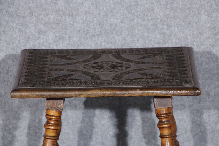 | Kleiner Blumentisch Beistelltisch um 1890 mit Kerbschnitzerei | ||||
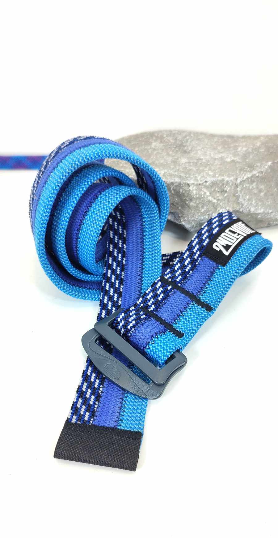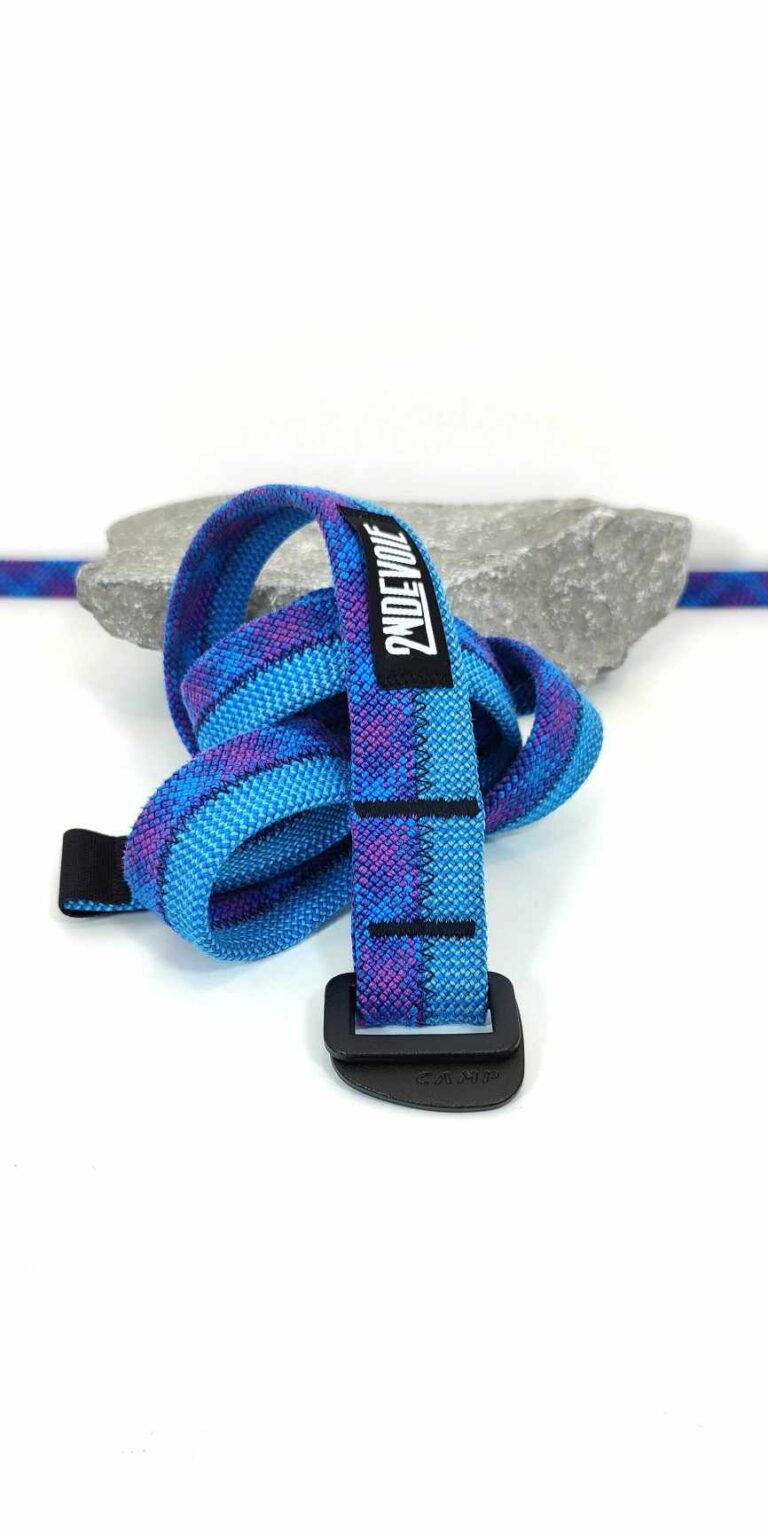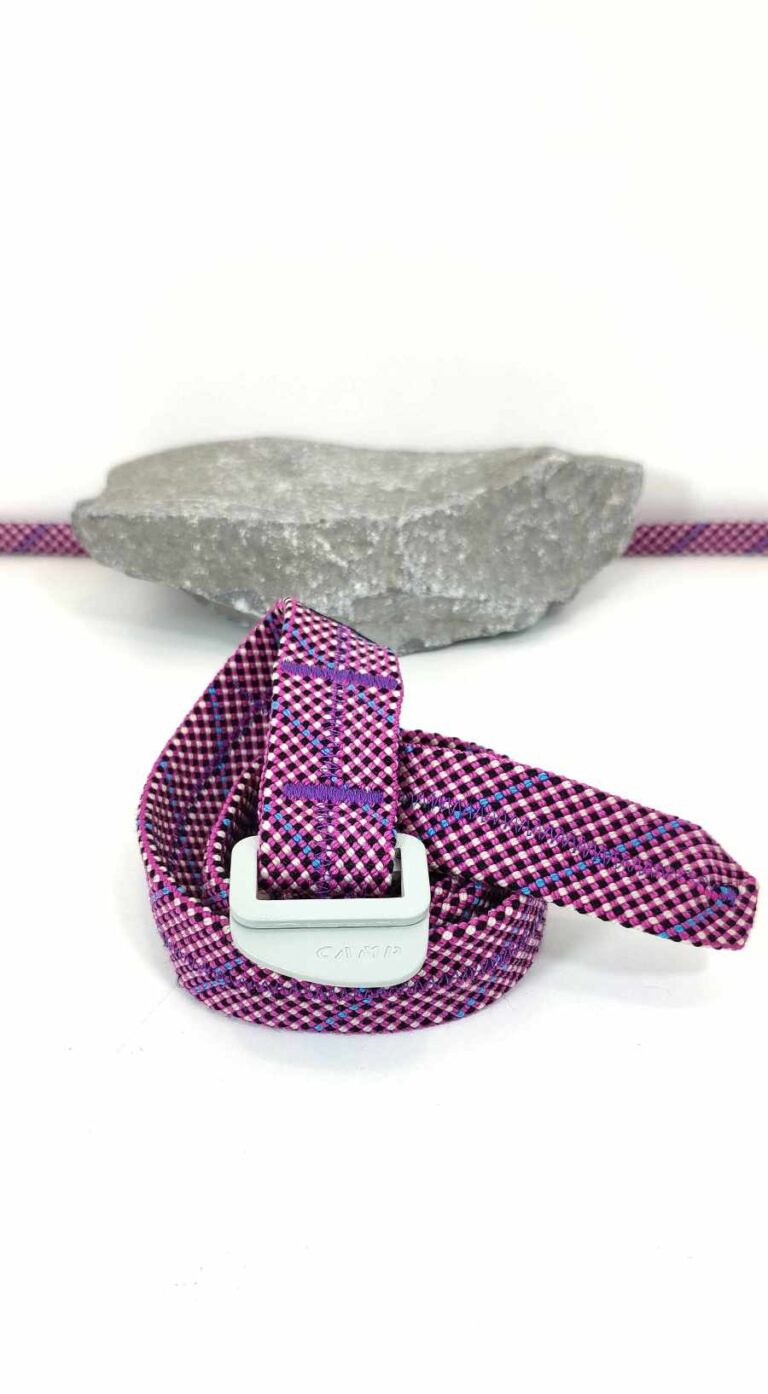 Réalisée à partir d'une corde d'escalade et d'anneaux de baudrier réformés, cette ceinture s'adapte à la plupart des pantalons et se porte en toute occasion.
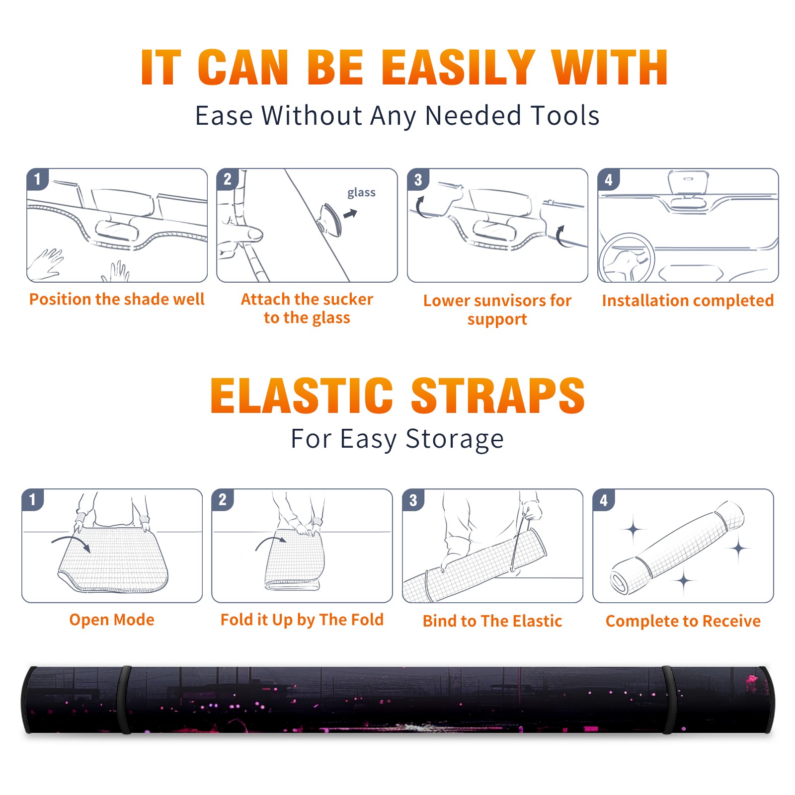 • </b>ZXIVGOQFR Foldable Premium Car Windshield Sunshade is your great solution to reduce your car’s interior temperature dramatically! This is definitely a must-have item for your summer travel! </b> <br> </b>Size: 63"L x 33.5"W </b> <br> </b>Blocking Uv Rays & Heat Insulation</b><br> Our vehicle sunshade provides effective UV, sun, and summer heat protection .Maintains dashboards by preventing fading and cracking <br> </b>Easy-To-Store Folding Design Makes Storage Convenient </b><br> ZXIVGOQFR car sunshades come with removable suction cups and elastic bands that you can install easily and quickly, and the removable suction cups will not leave any marks on your windows when removed. Within seconds, windshield visor can be installed and removed. When not in use,the front windshield can be easily and effectively placed on the door pocket or the dashboard, which is beautiful and does not take up space in the car.<br> <br> </b>PUT UP A 'PROTECTIVE UMBRELLA' FOR YOUR BELOVED CAR!</b>
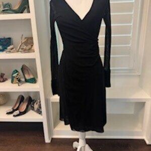 Chic and flattering, this black dress is a wardrobe must-have! Featuring a deep V-neckline, figure-hugging wrap silhouette, and elegant sheer long sleeves for just the right touch of allure. Midi length keeps it versatile - perfect for cocktail parties, date nights, or an elevated everyday look.
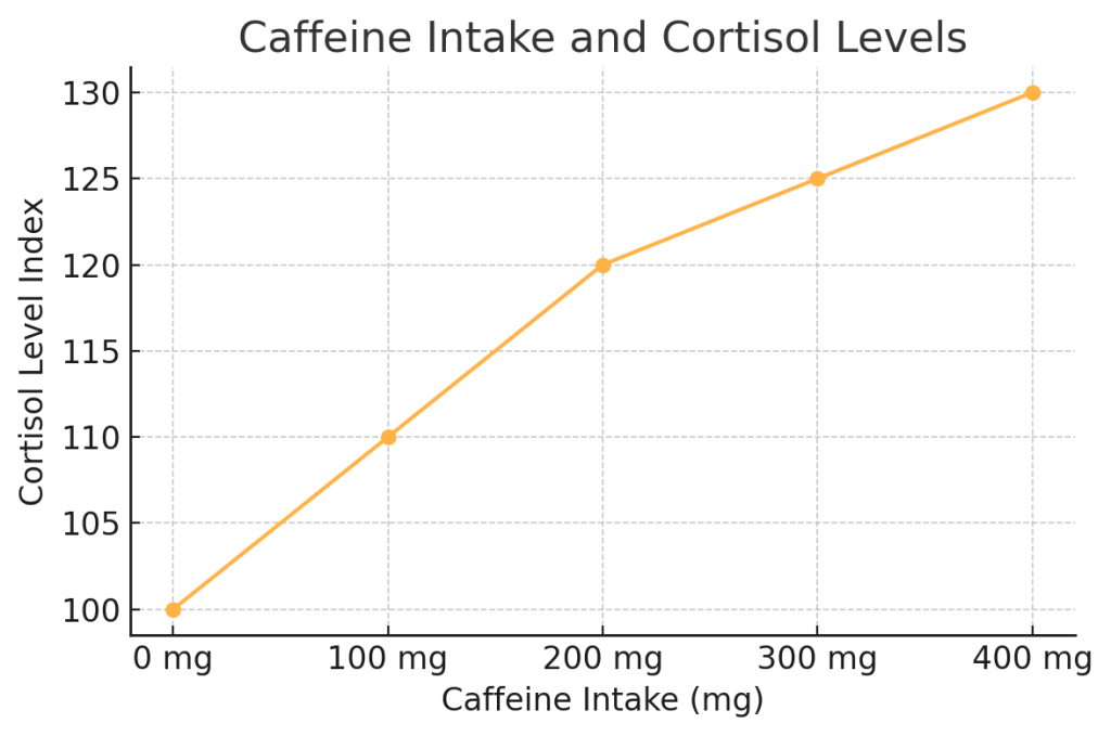 - مطالعهای در Journal of Psychopharmacology (2015) نشان داد که مصرف ۳۰۰mg کافئین سطح کورتیزول را به طور متوسط ۲۵٪ افزایش میدهد.
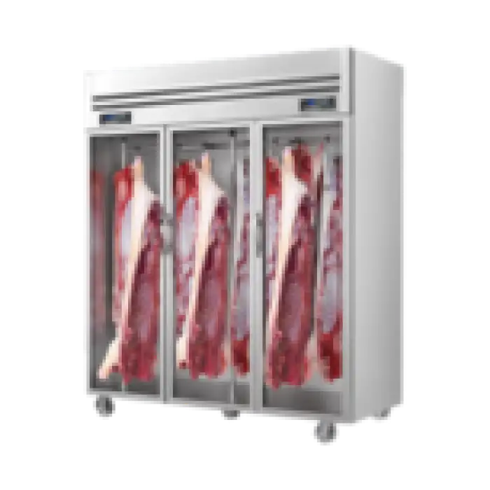 A vertical hanging meat display freezer designed for shops and restaurants to showcase and preserve meat products while keeping them visible and easily accessible.
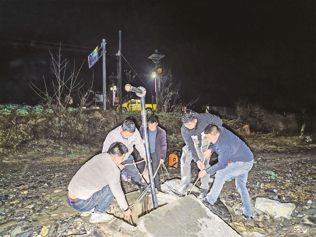 ⑨ 2月16日(除夕)凌晨,漢陰縣農村供水有限責任公司工作人員連夜搶修水泵,保障雙河口鎮(zhèn)鳳柳村全村約1500人節(jié)日用水。王延濤 攝
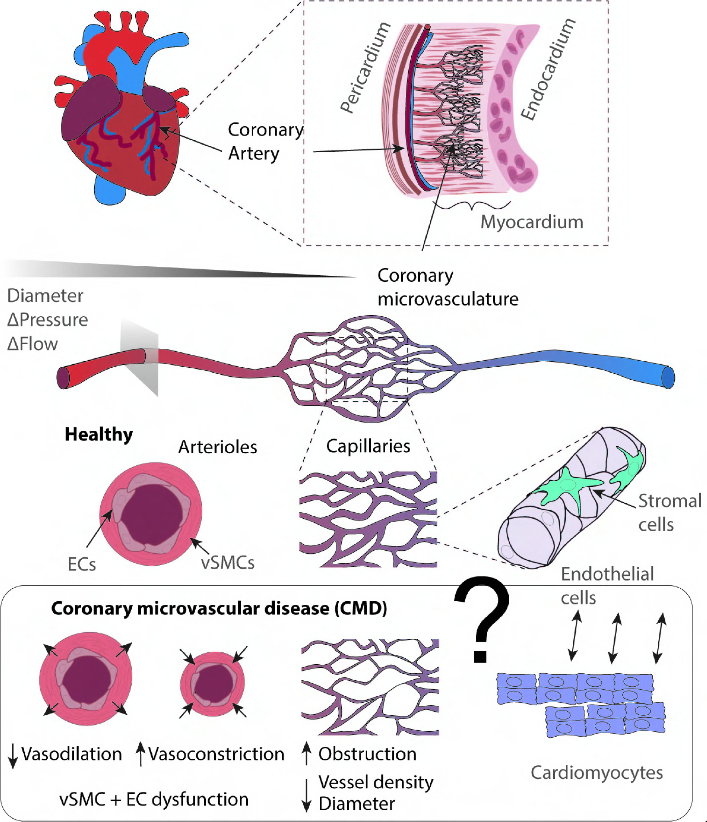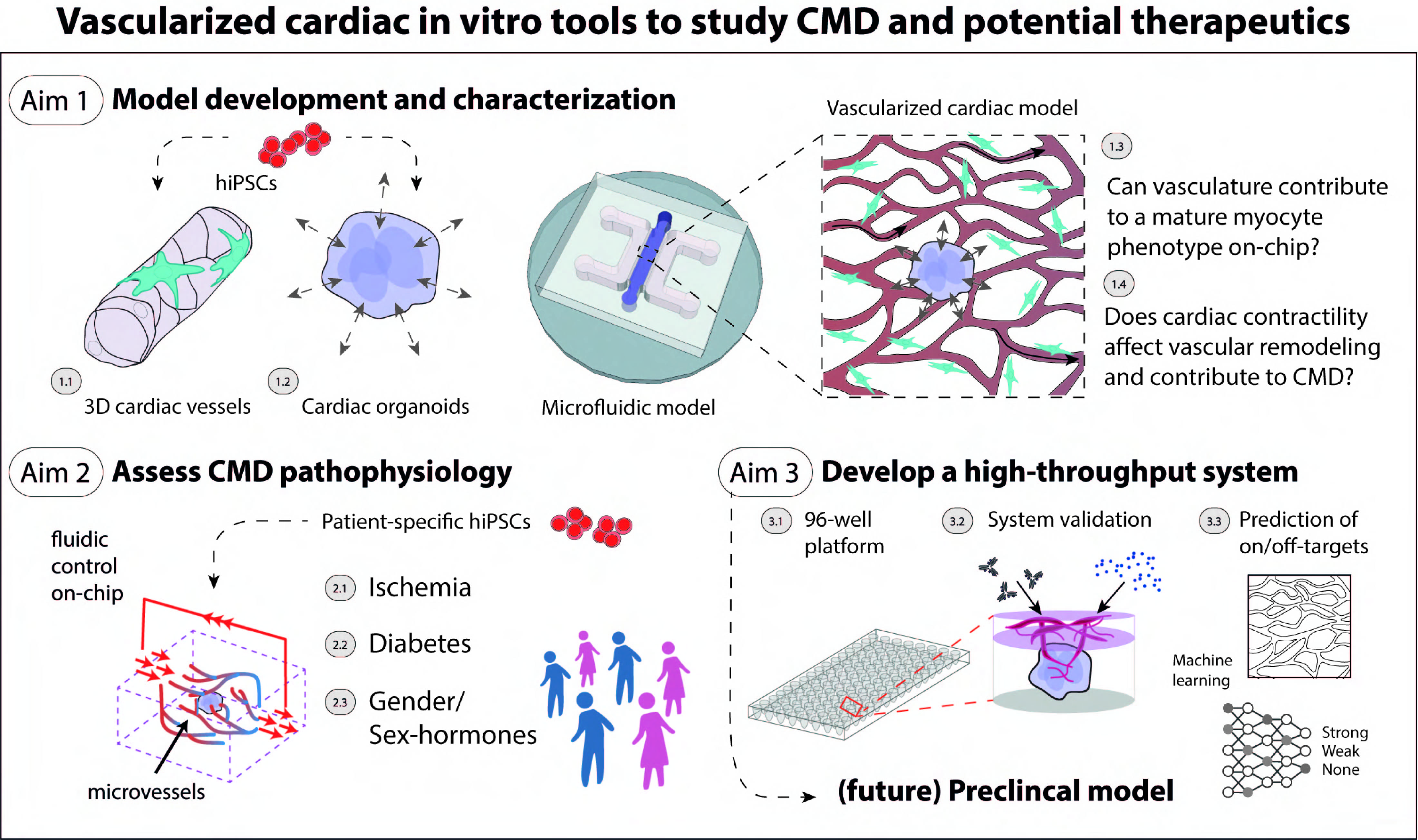Coronary microvascular disease (CMD) is a significant healthcare challenge, contributing to ischemic heart disease, the leading global cause of mortality. CMD is associated with dysfunction of small coronary vessels due to aging, obesity, and metabolic diseases, leading to reduced blood flow and oxygenation in the heart (Figure on background). Despite its widespread impact on health, our understanding of CMD is limited to animal studies, which do not accurately replicate human pathophysiology and fail to reveal cellular interactions in a controlled manner. Consequently, there is an urgent need for a humanized in vitro model to mimic CMD.

⁂

> **WHAT TO DO**
Keeping both end lines, retype exactly the lines from the first line of the material through the line that contains "Réalisée à partir", but not the pictures.

> **REPLY TO THE TASK**
 | Kleiner Blumentisch Beistelltisch um 1890 mit Kerbschnitzerei | ||||
 Réalisée à partir d'une corde d'escalade et d'anneaux de baudrier réformés, cette ceinture s'adapte à la plupart des pantalons et se porte en toute occasion.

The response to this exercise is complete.